When determining which framework to use, I think one thing to remember 
is that there is an optimal relational model to support every object 
model.  There is not an optimal object model to represent every 
relational model.  Use hibernate if you have mostly standard 
queries(CRUD, Find by Criteria, etc.) and if you are designing your 
object model first, then a relational model to support the object model. 
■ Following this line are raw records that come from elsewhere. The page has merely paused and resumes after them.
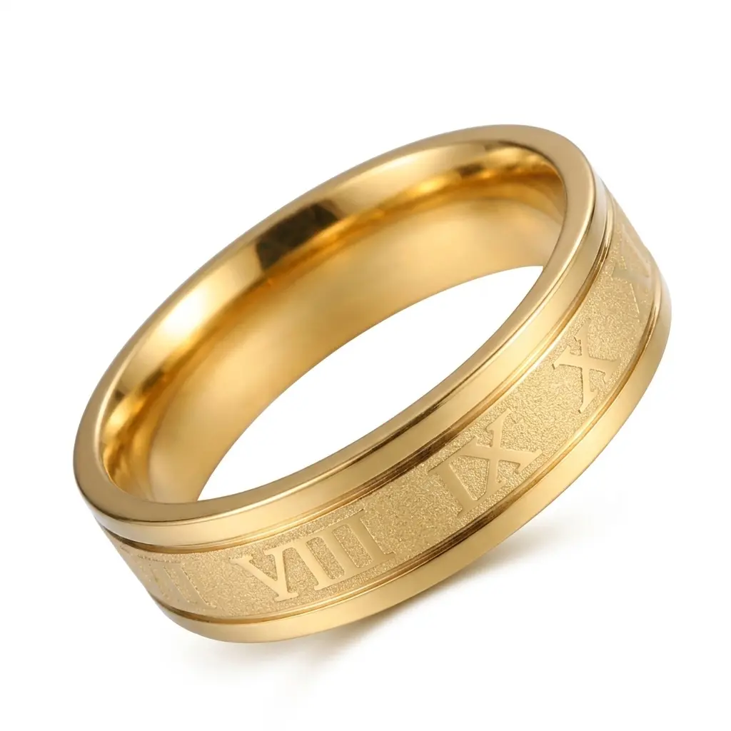 Elegant men’s ring crafted from stainless steel with a polished gold-tone finish. Features a classic Roman numeral pattern for a timeless and stylish look. Durable, comfortable to wear, and perfect for daily outfits or special occasions.
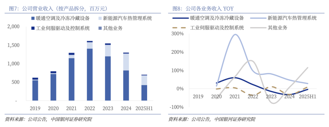 从产品结构来看,暖通业务为基本盘,新能源汽车热管理为第二增长曲线。2025H1,公司暖通业务/新能源汽车热管理业务/工业伺服业务分别实现收入4.22/2.60/0.17亿元,同比-4%/ 28.2%/ 9.3%,占比60.3%/37.2%/2.5%。其中,暖通业务在国内地产周期下行背景下,受商用空调业务拖累,但2025年全球热泵市场逐渐复苏,上半年公司热泵业务收入大幅上升;公司新能源汽车热管理业务近年持续高速增长,2025H1因公司新能源汽车电子和智能制造产业基地提前投产,受产能搬迁和爬坡的阶段性影响,增速放缓,但市占率进一步提升;工业伺服业务体量尚小,处于市场拓展阶段,25H1收入小幅增长,但已有深厚的技术积累,未来有望随行业增长逐步放量。
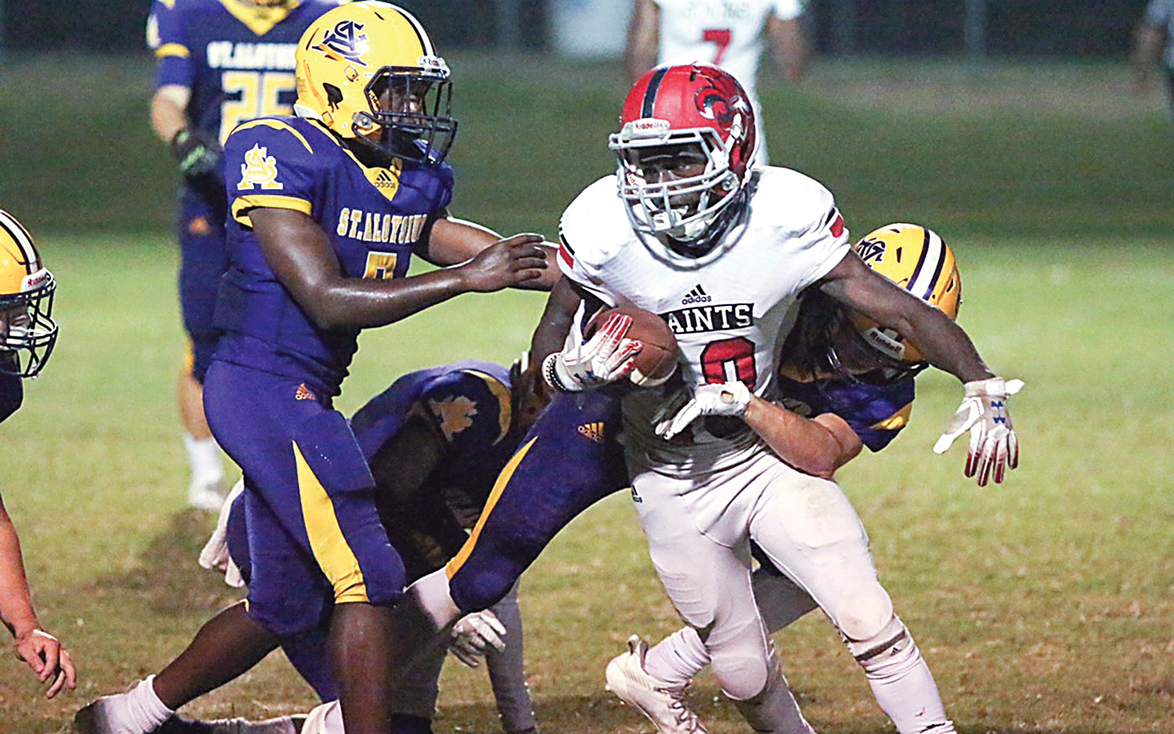 Many of the faces may be new on the Greenville Christian School football team, but Friday night in their 18-3 road victory over St. Aloysius, the Saints proved that they don’t plan to wait long for the victories to start piling up.
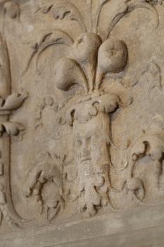 Château d'Azay-le-rideau, salon Biencourt, cheminée, détail du linteau sculpté

  If you are working with a legacy system or a schema designed by a DBA, 
iBATIS often makes a better choice.  If you try to shoehorn hibernate 
into a relational model created by a DBA who could care less about 
objects and thinks in terms of tables, columns, relationships and record 
sets, then you will get along better with your DBA if you use iBATIS, 
especially if the model is complex and may entail queries with outer 
joins and nested subqueries.  You can tell them "All of the SQL 
statements used by my application are stored in these XML files outside 
of my Java code, so you can easily review them".  DBAs like that.  Of 
course, you might be lucky enough to work with a DBA that is familar 
with OO design and ORM tools like hibernate, in which case hibernate 
might make a better choice.

Bottom line, in my experience, compared to Hibernate, iBATIS is more 
flexible, has a shorter learning curve, but can take more time to 
develop and maintain, since you have to write all your queries and if 
your object model changes you have to go through all your queries and 
make sure to make all the necessary changes to reflect the changes in 
your object model.  I must admint though that I am biased because I have 
more experience with iBATIS.  As I gain more experience with Hibernate, 
I could be singing a different tune.


Tim Christopher wrote:
> Hi,
> 
> Can anyone point me in the right direction of a site that compares
> iBATIS to similar products, ie. Hibernate.
> 
> Cheers,
> 
> Tim Christopher
> 
> Ps. Is it possible to specifiy a flush interval in a unit other than
> hours?  Also is there an upper limit for the time?